Should You Ever Rinse A Raw Turkey?

There's only one circumstance where the answer is yes.

drying a whole turkey with a paper towel
Photo: Caitlin Bensel; Food Styling: Torie Cox

If holiday meal prep were a recipe, it might call for equal parts "happy anticipation of family gathered to enjoy delicious food" and "mild-to-severe anxiety at the thought of getting everything prepped, cooked, and on the table."

There's no doubt that a to-do list of holiday-entertaining magnitude can be daunting: There's confirming the headcount, assigning who's making what, multiple trips to the grocery store—and we haven't even broached actual food prep yet. (If you need help with your whole planning game, we've got you covered with our Thanksgiving Two-Week Timetable .)

For those of us wondering how we'll ever get it all done, here's a teeny-tiny bit of help: You can strike "wash the turkey" from your to-do list. (We did say "teeny-tiny!")

If rinsing your turkey has been a family tradition as time-honored as meemaw's secret gravy recipe, the Centers for Disease Control and Prevention (CDC) recommends you cease and desist. If this poultry practice is commonplace in your home, you are not alone. Even the CDC acknowledges that it's hard to make changes: "Federal food safety advice has recommended against washing turkey or chicken since 2005, but some habits are hard to break."

And a recent survey found that 78% of respondents still wash their turkeys (2020 Porter Novelli Consumer Styles Survey). That's a lot of unnecessary bird baths.

Here's why you should just-about-never wash your bird, and the one-and-only circumstance when you should. And here is everything you need to know beyond rinsing, when it comes to selecting, thawing , and cooking your turkey .

Should You Wash a Raw Turkey?

You should never wash a raw turkey, unless you have brined it and are rinsing it of brine before cooking. Otherwise it's a no-no.

"Old recipes and family cooking traditions may tempt you to keep this practice going, but it can make you and your family sick," according to the CDC. "Poultry juices can spread in the kitchen and contaminate other foods, utensils, and countertops."

Some cooks may mistakenly think that rinsing poultry can help rid it of bacteria and make it safe for cooking and consumption. This is unnecessary and can actually increase the chances of your family getting sick if other food comes in contact with moisture from the raw turkey.

If a turkey has gone "bad," rinsing it will not make it edible, says Chef Fred Tiess, master instructor in the college of Food Innovation and Technology at Johnson and Wales University 's Charlotte campus. If the bird smells off, it likely means there was a packaging issue or it was thawed improperly, and it should be discarded.

Here is how Tiess transfers raw turkey from wrapper to roasting pan to minimize cross contamination:

  1. Clean your sink well and wash your hands with soap and warm water for 20 seconds.
  2. Remove the turkey from its wrapper in the sink. This keeps any liquid from the turkey contained in the sink versus transferring bacteria to the countertop or a cutting board, which could come in contact with other food later.
  3. Remove giblets and the neck from the turkey cavity and set aside. (Tiess recommends roasting them separately with mirepoix and adding to a stock or dressing.)
  4. If the turkey is moist, dab the exterior and inside the cavity with clean paper towels to remove excess moisture.
  5. Place the turkey in a large roasting pan.
  6. Thoroughly clean your sink.

Is There EVER a Time You Should Wash a Raw Turkey?

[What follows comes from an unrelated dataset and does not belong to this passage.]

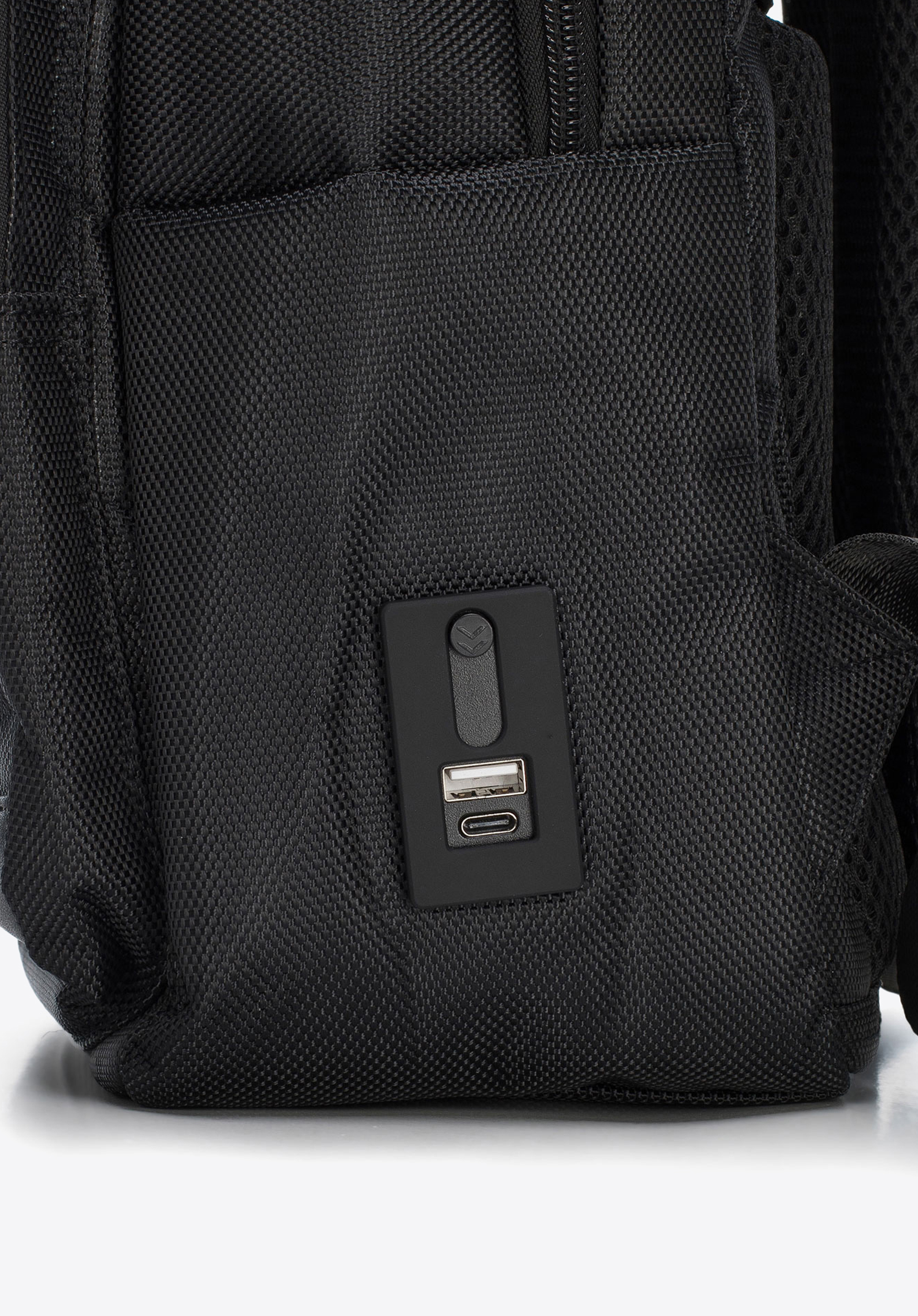 port USB do którego możesz podpiąć powerbank i umieścić go wewnątrz plecaka. Funkcjonalności dodaje mu

The only time you should rinse your turkey is after brining and before cooking. Tiess recommends bringing your turkey in a bringing bag, like these from Amazon . Here is our guide to brining a turkey , and below are Tiess's steps to rinse your bird post-brine:

  1. Clean your sink well and wash your hands thoroughly with soap and warm water.
  2. Place the bag with turkey and brine in the sink, and cut a hole in the bottom corner of the bag. This will allow the brining liquid to slowly drain from the turkey without splashing out of the sink.
  3. Fill a 12-quart stockpot halfway with water and transfer the turkey (still in the drained bag) to the 12-quart stockpot and fill with more water until the turkey is submerged. Remove the bag while the turkey is submerged.
  4. Carefully drain the water from the stock pot by slowly pouring it into the sink.
  5. Remove the turkey from the pot and pat it dry with paper towels.
  6. If you are roasting the turkey, apply any fat and flavoring. If you are frying, ensure the turkey is as dry as possible (failing to do so may cause an explosion; we've all seen the YouTube videos!) and do not season further, as it will simply burn off during the frying process.
  7. Disinfect your sink and wash your hands.

What Should I Do if I Need to Put My Raw Turkey on the Counter?

You should be able to prep your bird in the sink versus putting it on the counter or a cutting board, but if you must, follow these guidelines from the CDC:

  • Use a separate cutting board for raw turkey.
  • Never place cooked food or fresh produce on a plate, cutting board, or other surface that held raw turkey.
  • Wash cutting boards, utensils, dishes, and countertops with hot soapy water after preparing raw turkey and before you prepare the next item.